→ **What is expected**
Each line of the data must reappear exactly in your answer, with no images included.

→ **Dataset extract**
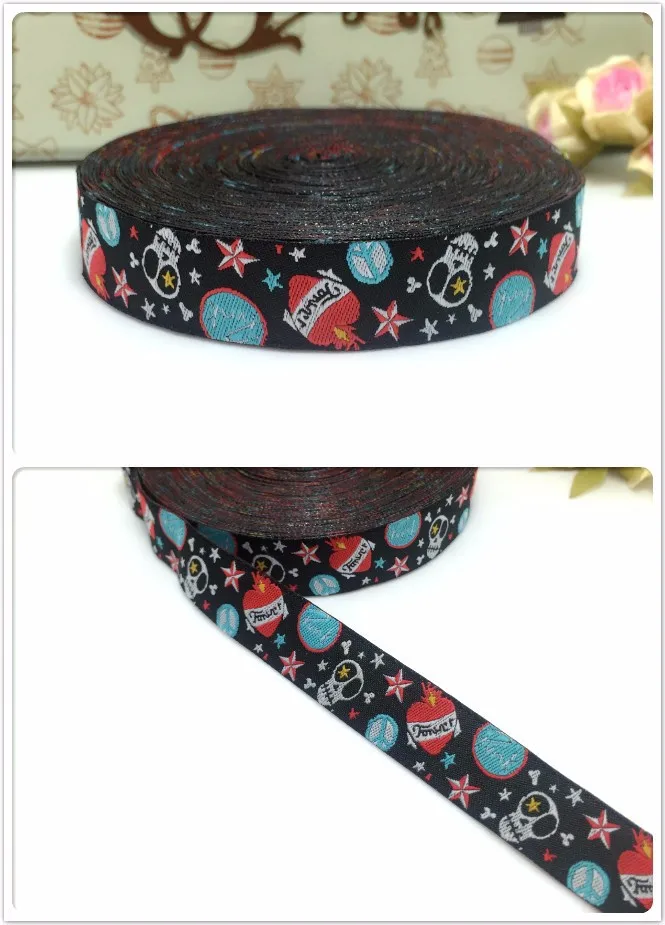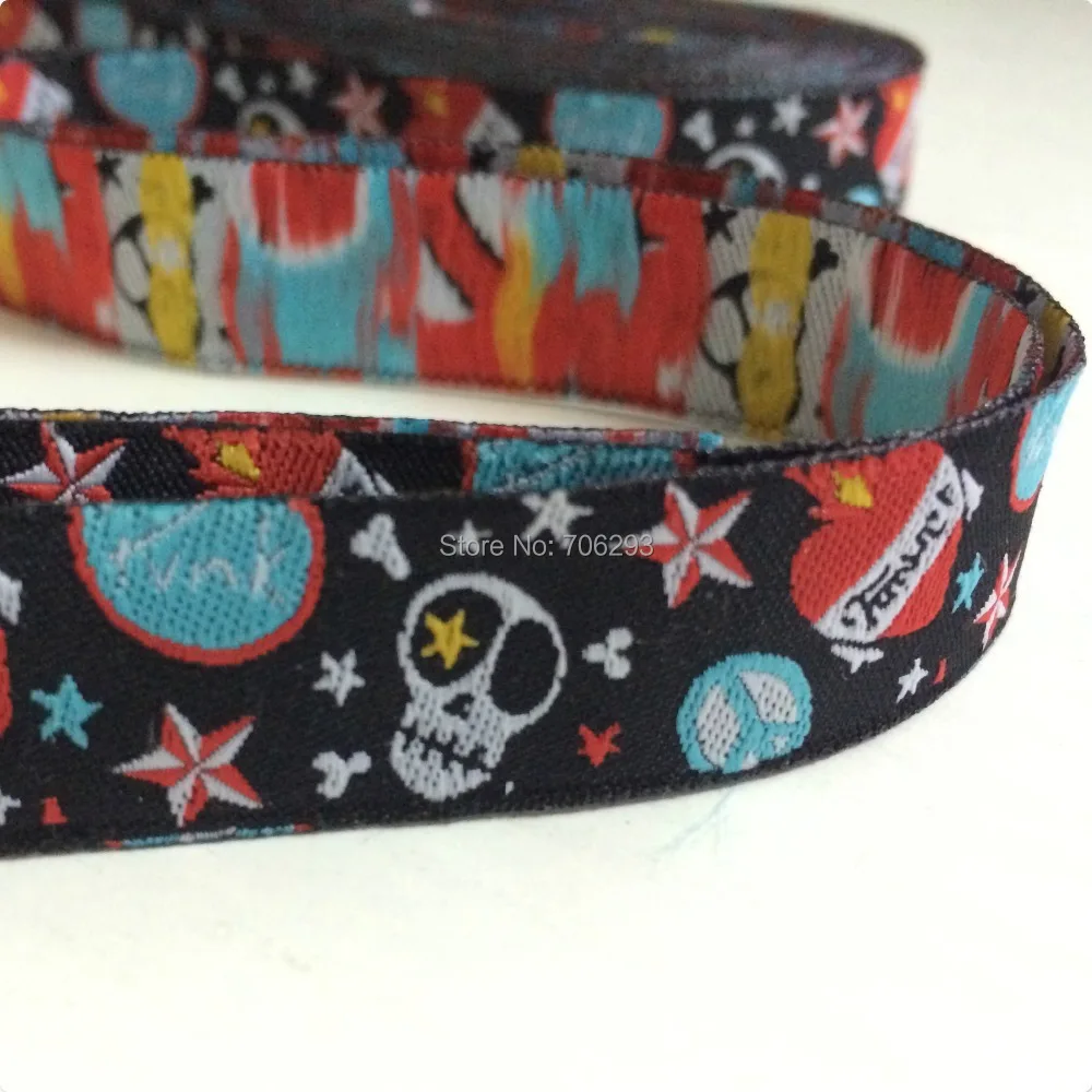 Новинка 2014, 58 дюйма, 16 мм, ширина 10 ярдовкомплект, татуировка черепом, черный тон, плетеная жаккардовая лента для собачьего ошейника, KTZD201120601
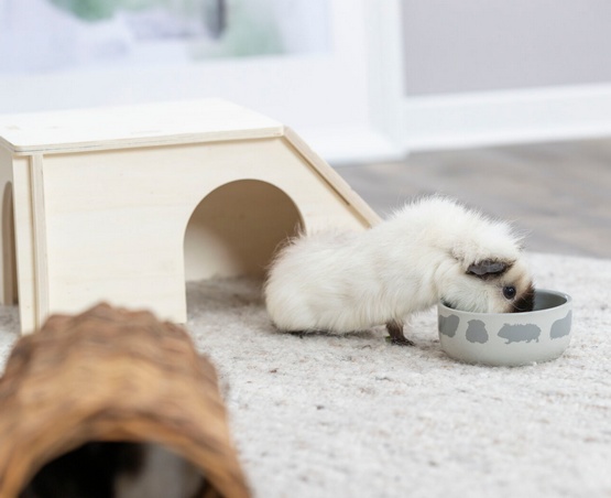 Ceramiczna miska o pojemności 250 ml, idealna dla świnki morskiej. Doskonale nadaje się zarówno na pokarm, jak i wodę. Dzięki materiałowi ceramicznemu, miska jest łatwa do czyszczenia i można ją myć w zmywarce, co zapewnia wygodę użytkowania.
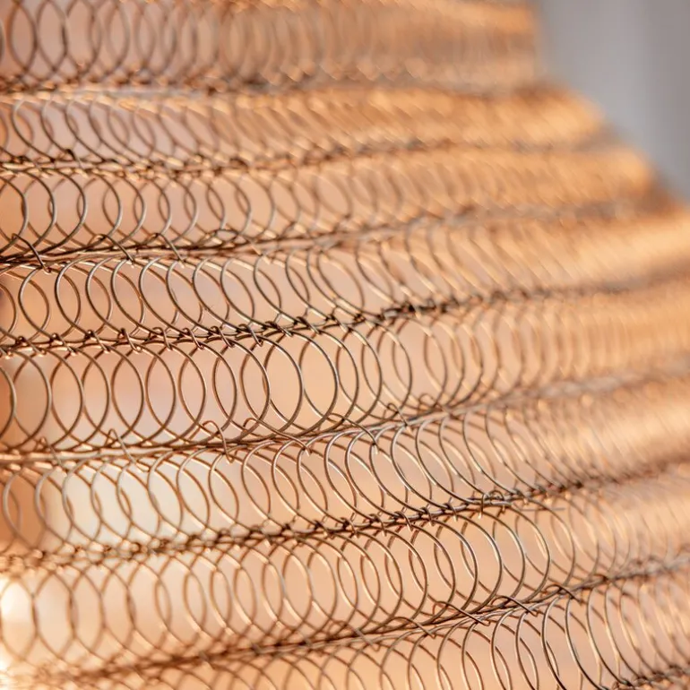 Tazza taklampe 50 cm fra Markslöjd i gull er en unik lampe i gullfarget metall, med en form inspirert av naturens bikuber. Den organiske, rustikke formen gir lampen et dynamisk og skulpturelt utseende, perfekt for å tilføre rommet en spennende visuell dimensjon. Den åpne strukturen gir også interessante lyseffekter som skaper en unik atmosfære.

→ **Task output**
 Новинка 2014, 58 дюйма, 16 мм, ширина 10 ярдовкомплект, татуировка черепом, черный тон, плетеная жаккардовая лента для собачьего ошейника, KTZD201120601
 Ceramiczna miska o pojemności 250 ml, idealna dla świnki morskiej. Doskonale nadaje się zarówno na pokarm, jak i wodę. Dzięki materiałowi ceramicznemu, miska jest łatwa do czyszczenia i można ją myć w zmywarce, co zapewnia wygodę użytkowania.
 Tazza taklampe 50 cm fra Markslöjd i gull er en unik lampe i gullfarget metall, med en form inspirert av naturens bikuber. Den organiske, rustikke formen gir lampen et dynamisk og skulpturelt utseende, perfekt for å tilføre rommet en spennende visuell dimensjon. Den åpne strukturen gir også interessante lyseffekter som skaper en unik atmosfære.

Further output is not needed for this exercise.